## Aim of the task
Word for word, please copy the listing below, with its pictures left out.

####

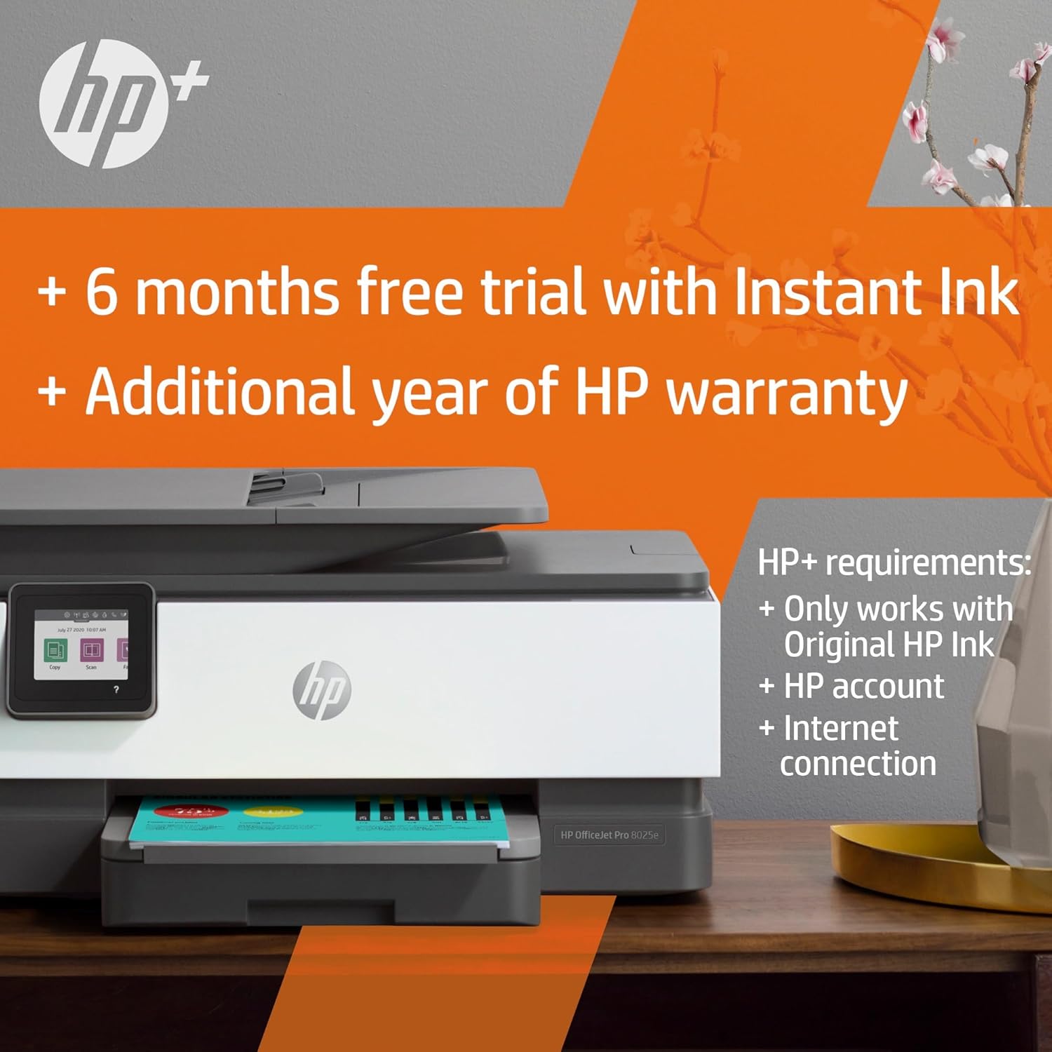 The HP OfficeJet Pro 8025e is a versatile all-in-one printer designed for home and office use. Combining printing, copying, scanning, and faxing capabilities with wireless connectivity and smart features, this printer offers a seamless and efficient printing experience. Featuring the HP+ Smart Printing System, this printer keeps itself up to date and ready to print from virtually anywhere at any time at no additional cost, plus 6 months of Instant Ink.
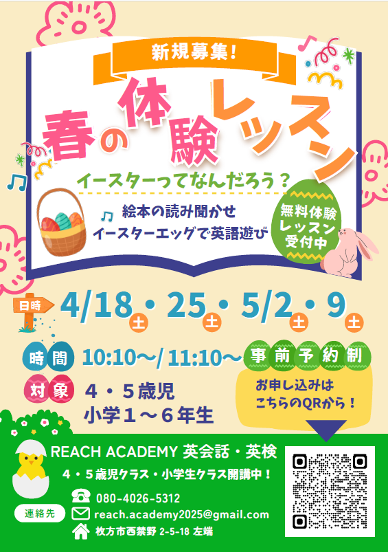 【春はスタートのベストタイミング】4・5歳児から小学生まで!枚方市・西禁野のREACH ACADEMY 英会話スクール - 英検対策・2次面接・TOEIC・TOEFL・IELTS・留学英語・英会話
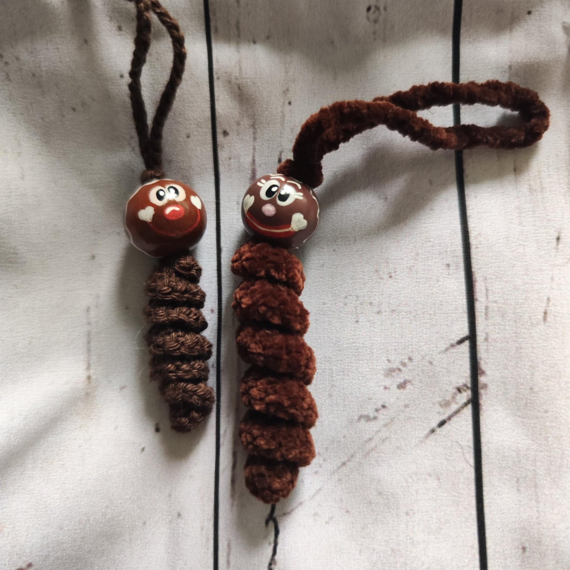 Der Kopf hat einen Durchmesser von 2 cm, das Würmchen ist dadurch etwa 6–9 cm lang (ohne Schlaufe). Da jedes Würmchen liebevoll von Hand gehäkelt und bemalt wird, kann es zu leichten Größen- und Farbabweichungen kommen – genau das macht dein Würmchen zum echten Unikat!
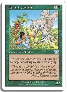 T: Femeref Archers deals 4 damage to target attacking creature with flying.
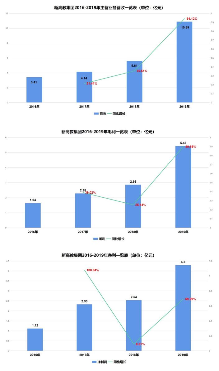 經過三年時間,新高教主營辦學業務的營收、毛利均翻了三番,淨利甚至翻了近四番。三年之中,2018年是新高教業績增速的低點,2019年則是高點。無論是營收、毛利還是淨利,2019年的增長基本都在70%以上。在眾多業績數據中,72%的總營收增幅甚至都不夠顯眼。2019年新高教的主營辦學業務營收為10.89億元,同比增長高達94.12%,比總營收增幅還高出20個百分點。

####

## Solved exercise
 The HP OfficeJet Pro 8025e is a versatile all-in-one printer designed for home and office use. Combining printing, copying, scanning, and faxing capabilities with wireless connectivity and smart features, this printer offers a seamless and efficient printing experience. Featuring the HP+ Smart Printing System, this printer keeps itself up to date and ready to print from virtually anywhere at any time at no additional cost, plus 6 months of Instant Ink.
 【春はスタートのベストタイミング】4・5歳児から小学生まで!枚方市・西禁野のREACH ACADEMY 英会話スクール - 英検対策・2次面接・TOEIC・TOEFL・IELTS・留学英語・英会話
 Der Kopf hat einen Durchmesser von 2 cm, das Würmchen ist dadurch etwa 6–9 cm lang (ohne Schlaufe). Da jedes Würmchen liebevoll von Hand gehäkelt und bemalt wird, kann es zu leichten Größen- und Farbabweichungen kommen – genau das macht dein Würmchen zum echten Unikat!
 T: Femeref Archers deals 4 damage to target attacking creature with flying.
 經過三年時間,新高教主營辦學業務的營收、毛利均翻了三番,淨利甚至翻了近四番。三年之中,2018年是新高教業績增速的低點,2019年則是高點。無論是營收、毛利還是淨利,2019年的增長基本都在70%以上。在眾多業績數據中,72%的總營收增幅甚至都不夠顯眼。2019年新高教的主營辦學業務營收為10.89億元,同比增長高達94.12%,比總營收增幅還高出20個百分點。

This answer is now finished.